2-state solution remains best hope for Israel, Palestinians
The dream of Israelis and Palestinians living peacefully in neighboring homelands is on life support, the chances of it surviving as a viable Middle East peace option slowly ebbing away. That doesn’t mean it can’t be saved.
Secretary of State John Kerry attempted some very public CPR in his impassioned address last week, explaining why the Obama administration refused on Dec. 23 to veto a United Nations resolution condemning the proliferation of Israeli settlements that place the two-state solution in jeopardy.
Hard-liners derided the speech as little more than a eulogy for the hope of an independent Palestine, a peace doctrine dating to the birth of Israel seven decades ago. But if Kerry’s goal was to breathe life into that option until Palestinians have a leadership brave enough to embrace both independence and compromise, there are ways to preserve the two-state solution. It could be left to President-elect Donald Trump, the self-styled artist of the deal who called an Israeli-Palestinian peace agreement the “ultimate deal,” to make it happen.
Kerry’s speech was an excellent primer for why the only other option — a one-state solution — is a recipe for endless misery. Israel would carve what it wants from the West Bank and perpetually occupy or isolate the remain- der and Gaza. Palestinians in the annexed territory would either have to be granted Israeli citizenship — adding their embittered population to a growing Arab-Israeli society that would someday outnumber and outvote their Jewish counterparts — or be relegated to second-class citizenship.
“If the choice is one state, Israel can either be Jewish or democratic — it cannot be both — and it won’t ever really be at peace,” Kerry warned about a solution that is growing ever more popular within Prime Minister Benjamin Netanyahu’s Cabinet.

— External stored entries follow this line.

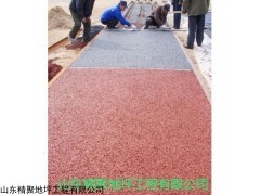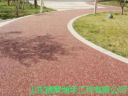 将定量石子,水泥,胶结剂,水投入搅拌后搅拌均匀,由斗车拉送至施工现场,铺装前路基应保持湿润,垫层需要振捣平整,面层需要用水泥抹平机收光抹平,施工完毕后需要用农膜进行覆盖养生,两天后进行洒水养护,养护期间应设隔离带,避免行人通过。养护五到七天,面层干燥后喷涂面层封闭剂。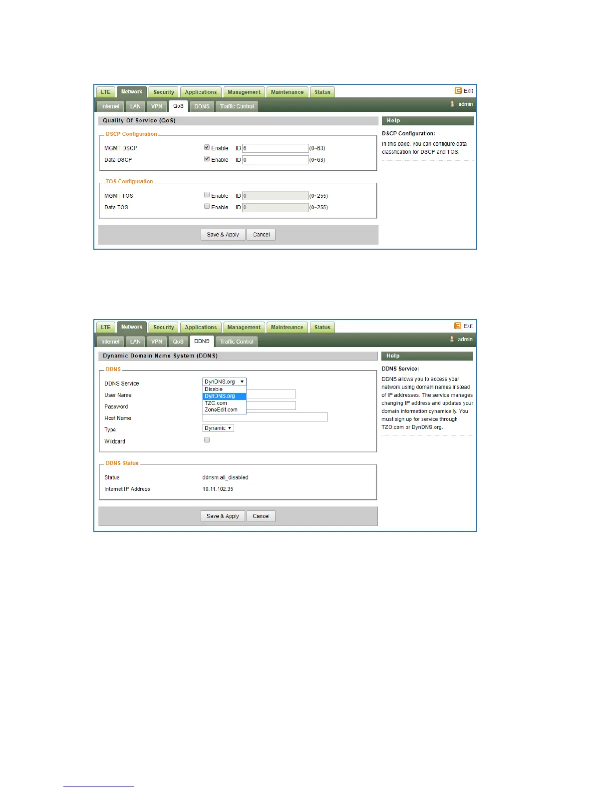 This configuration menu allows user to configure use of different DDNS service for router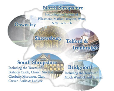 North Shropshire District - You'll find peaceful countryside and a unique landscape of sandstone hills, Meres and Mosses, and the four pretty little market towns of Ellesmere, Wem, Whitchurch and Market Drayton where old fashioned service and a warm welcome awaits. |
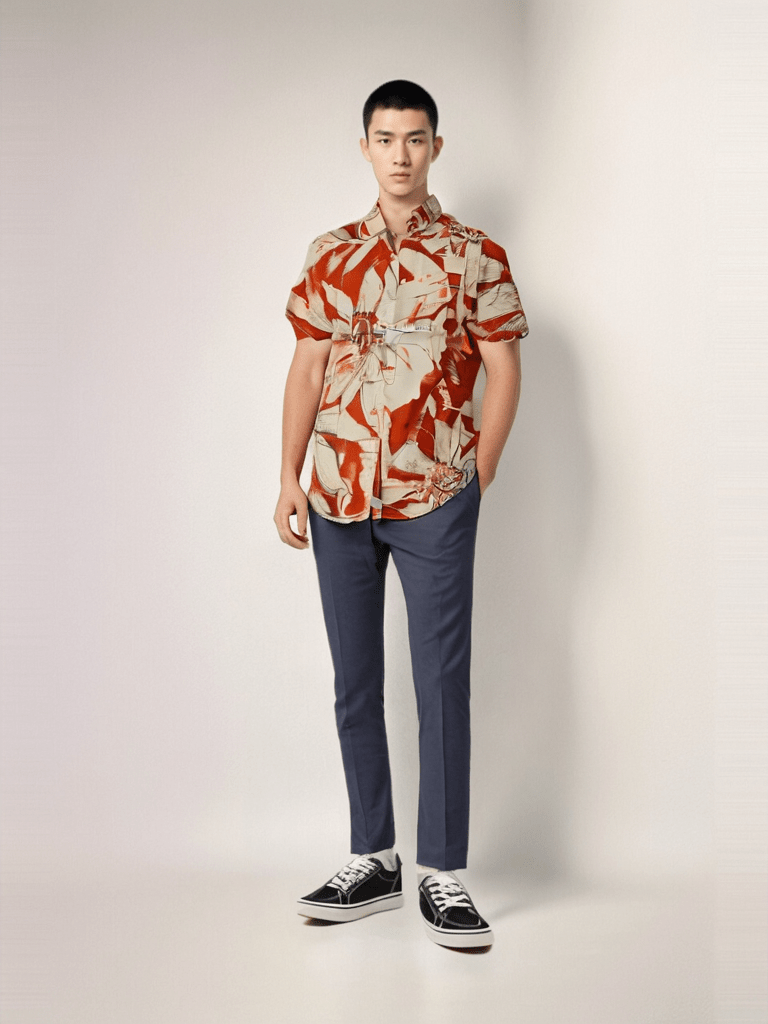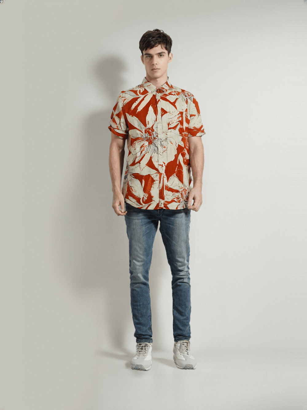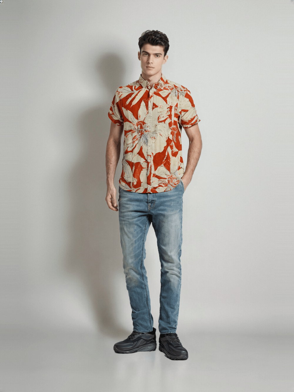 This men's shirt features a stylish and eye-catching floral print. Made with high-quality materials, it offers both comfort and durability. Perfect for any occasion, this shirt will elevate your fashion game while keeping you comfortable throughout the day.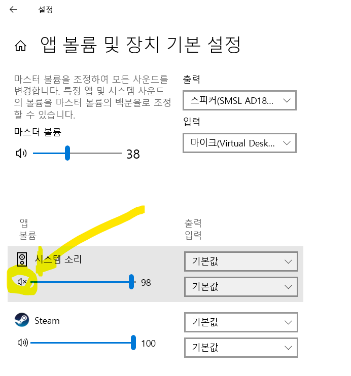 스피커 설정도 문제가 없는데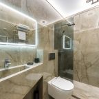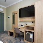 Организовать перекус или чаепитие можно благодаря бытовым приборам: чайная станция и небольшой холодильник. В пешей доступности работают кафе и ресторан, где можно вкусно пообедать.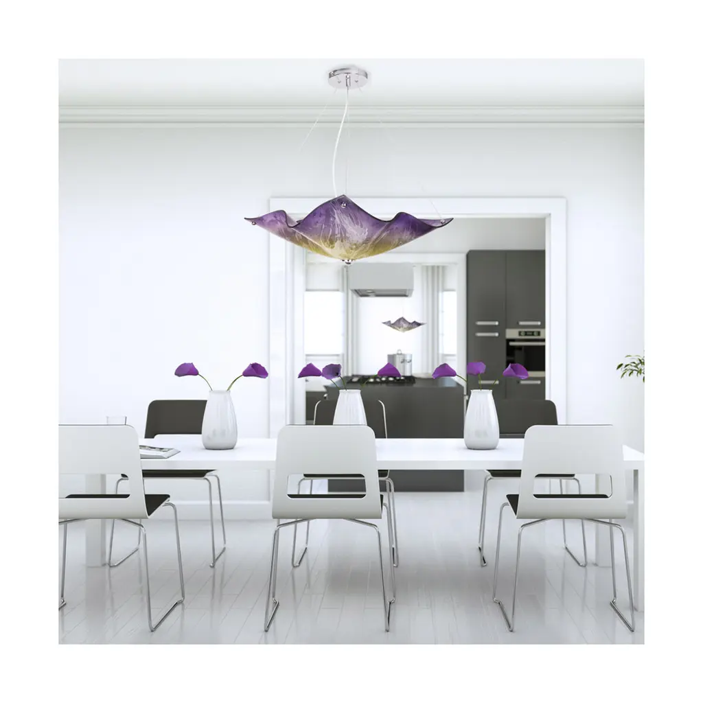 Make waves in any room with the three-light Van Teal Passionate Chandelier in a soft Violet Web hue. This minimalist chandelier maintains a clean, modern flow that's slightly softened by the rippling design of the shade. The sleek, sturdy frame is finished in gleaming chrome to top off your décor with a hint of polished sophistication. This pendant requires (3) 100 Watt Incandescent or 16 Watt LED equivalent bulbs (not included). Comes with a one year limited manufacturer's warranty.

There have been more than 2,000 Palestinian terror attacks on Israelis in the past year — stabbings, shootings and bomb- ings. These actions block a pathway to peace.

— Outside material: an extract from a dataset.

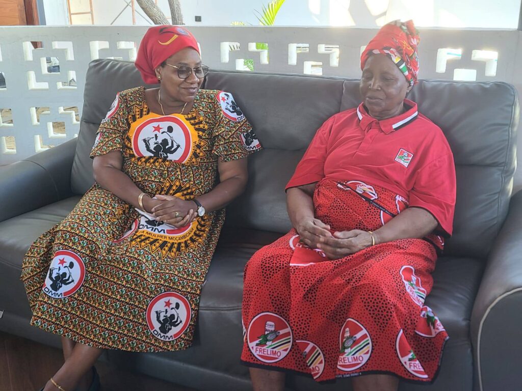 A Secretária-Geral da Organização da Mulher Moçambicana (OMM), Cidália Chaúque, que efectua uma visita de trabalho à província de Sofala, manteve, este Sábado, 21 de Junho, no distrito de Dondo, um encontro de cortesia com a mamã Helena dos Santos Chiremba, a mãe do Presidente da FRELIMO e da República de Moçambique, Daniel Chapo. O encontro serviu para a dirigente do braço feminino da FRELIMO colher ensinamentos e aprender com a experiência de vida da mamã Helena dos Santos, que outrora carregou a nobre responsabilidade de dar os primeiros valores humanos ao homem que hoje conduz os destinos do país e do povo moçambicano. A mamã Helena agradeceu pela abertura da camarada Cidália Chaúque em reservar parte da sua agenda para este encontro, o qual descreveu como um gesto se respeito e consideração, tendo desejado êxitos à secretária-geral da OMM na direcção da organização.
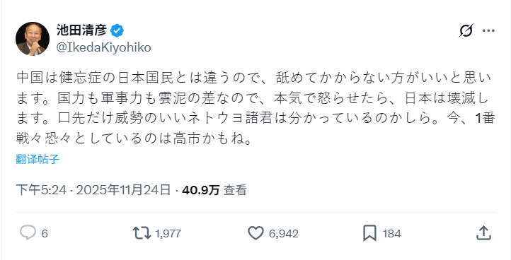 早稻田大学名誉教授池田清彦:“中国和健忘症的日本国民不同,所以最好不要小看他们,中日国力和军事力量都是天壤之别,如果真的激怒了他们的话,日本就会毁灭。我倒想知道你们这些只会夸夸其谈的右翼是否意识到这一点。现在最战战兢兢的可能是高市。“

At the same time, the solution at the end of that pathway is being destroyed by ever expanding Jewish settlements in the West Bank and East Jerusalem, now home to half a million settlers.
For the past 17 years, three successive American administrations have tried and failed to achieve a grand-slam Middle East agreement. Preserving the two-state solution for a fourth effort might mean, for now, more modest goals, such as a U.S.-Israeli agreement to limit, if not end, new settlement construction.
There’s an avenue for this. Palestinians have acknowledged that a peace agreement requires small land swaps: chunks of the West Bank given to Israel in exchange for similar pieces of Israel. All but about 90,000 Jewish settlers live in about 5% of the West Bank that includes portions of East Jerusalem.
Israel’s defense minister, Avigdor Liberman, suggested that Israel could freeze construction outside those blocs if the U.S. would agree to construction within the blocs. Should an accord one day be reached, settlers living in outposts outside those blocs would most likely have to move to Israeli territory.
This isn’t a perfect idea. It isn’t even a solution. But it could save a solution.